- _Supplied material_:
-------------------------
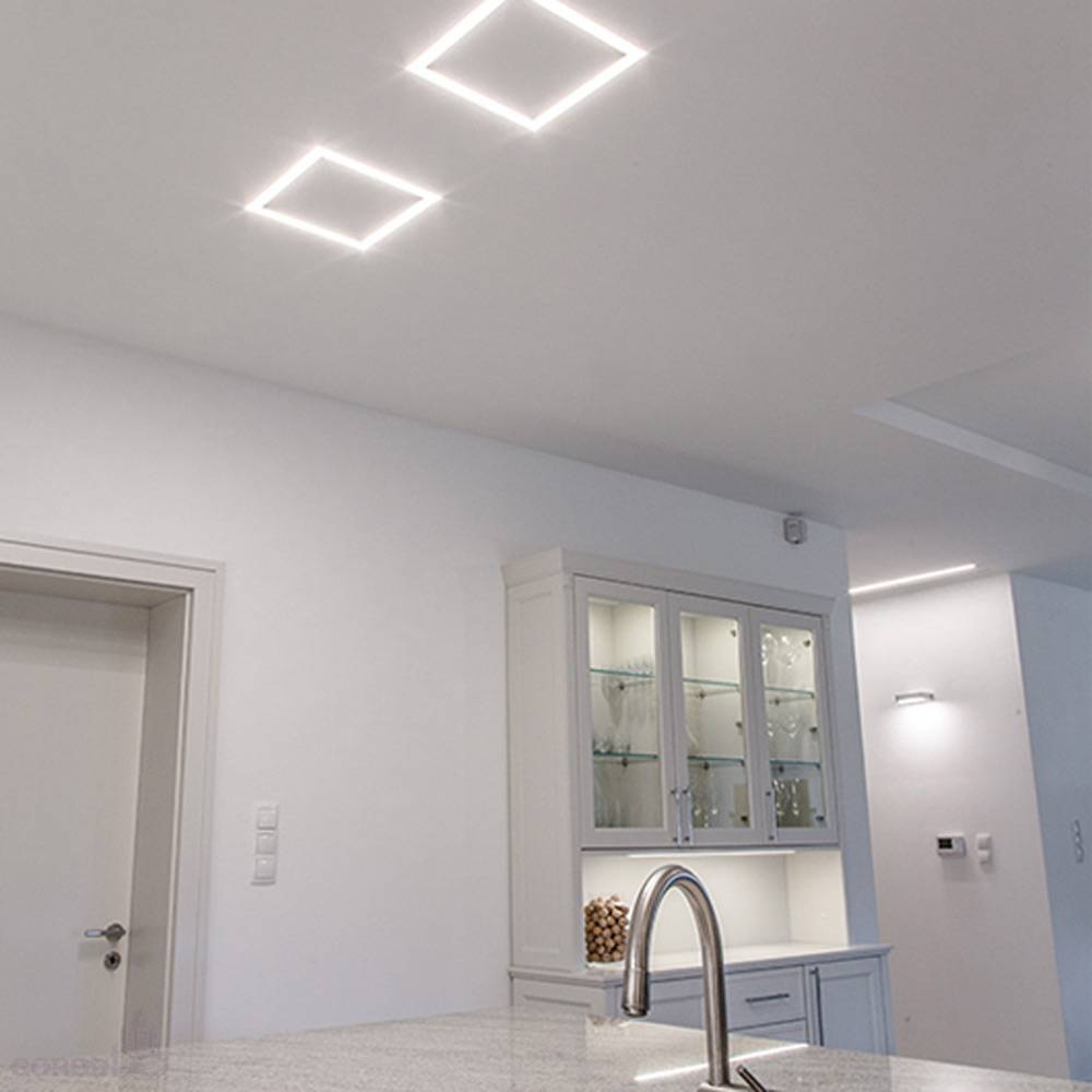 Создание световых полос без видимых алюминиевых частей в гипсокартонных системах.
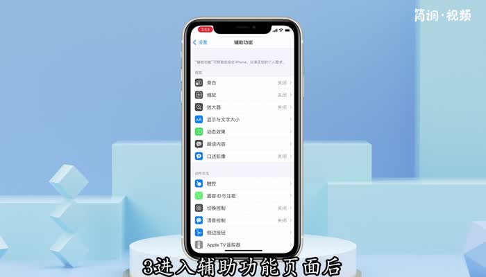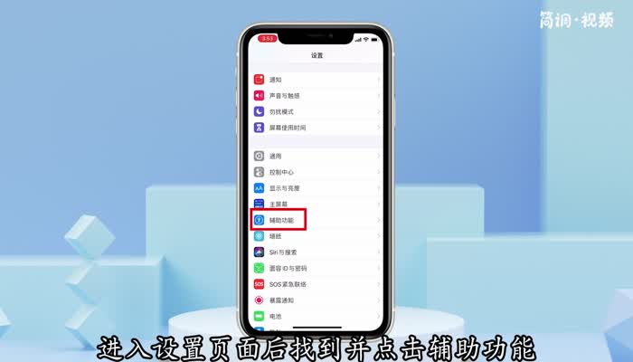 2.进入设置页面后,找到并点击“辅助功能”进入辅助功能页面;
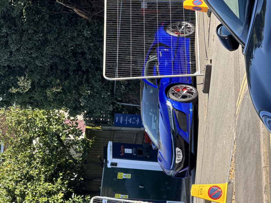 This image depicts an outdoor scene in Kenilworth, United Kingdom, on a bright, sunny day. The primary subject is a radiant blue Honda NSX (Acura NSX) sports car, bearing the UK license plate "6 YFX", parked angled slightly towards the left. The car features multi-spoke alloy wheels with prominent red brake calipers and a dark-colored roof. To the left of the car, an electric vehicle charging station is visible. This station consists of a large, dark green electrical cabinet with yellow warning labels, and a white "Osprey" branded charging unit with "Tritium" visible on its top and a "Welcome!" sign to its right. The entire charging station area and part of the blue car are partially enclosed by temporary metal construction barriers. One barrier stands prominently in the mid-right foreground, and another is partially visible on the left. In the lower foreground, the hood and a side mirror of a dark, likely black, vehicle are visible, suggesting the photograph was taken from within or immediately beside another car. Two yellow and orange traffic cones, marked with "HTM" and a "No Waiting" symbol, are positioned on the asphalt pavement in the lower-left and mid-right, respectively, near the barriers. The background consists of lush green trees and bushes, with a glimpse of a reddish-brown brick building behind the foliage on the far left. The ground is an asphalt surface, and yellow double lines, characteristic of UK road markings, are faintly visible on the pavement to the right of the blue car. No people are visible in the scene, and no active charging connection is apparent on the blue car.
-------------------------
- _Activity_: Print the listing again exactly, please. Keep the pictures out of it.

- _Problem solution_:
 Создание световых полос без видимых алюминиевых частей в гипсокартонных системах.
 2.进入设置页面后,找到并点击“辅助功能”进入辅助功能页面;
 This image depicts an outdoor scene in Kenilworth, United Kingdom, on a bright, sunny day. The primary subject is a radiant blue Honda NSX (Acura NSX) sports car, bearing the UK license plate "6 YFX", parked angled slightly towards the left. The car features multi-spoke alloy wheels with prominent red brake calipers and a dark-colored roof. To the left of the car, an electric vehicle charging station is visible. This station consists of a large, dark green electrical cabinet with yellow warning labels, and a white "Osprey" branded charging unit with "Tritium" visible on its top and a "Welcome!" sign to its right. The entire charging station area and part of the blue car are partially enclosed by temporary metal construction barriers. One barrier stands prominently in the mid-right foreground, and another is partially visible on the left. In the lower foreground, the hood and a side mirror of a dark, likely black, vehicle are visible, suggesting the photograph was taken from within or immediately beside another car. Two yellow and orange traffic cones, marked with "HTM" and a "No Waiting" symbol, are positioned on the asphalt pavement in the lower-left and mid-right, respectively, near the barriers. The background consists of lush green trees and bushes, with a glimpse of a reddish-brown brick building behind the foliage on the far left. The ground is an asphalt surface, and yellow double lines, characteristic of UK road markings, are faintly visible on the pavement to the right of the blue car. No people are visible in the scene, and no active charging connection is apparent on the blue car.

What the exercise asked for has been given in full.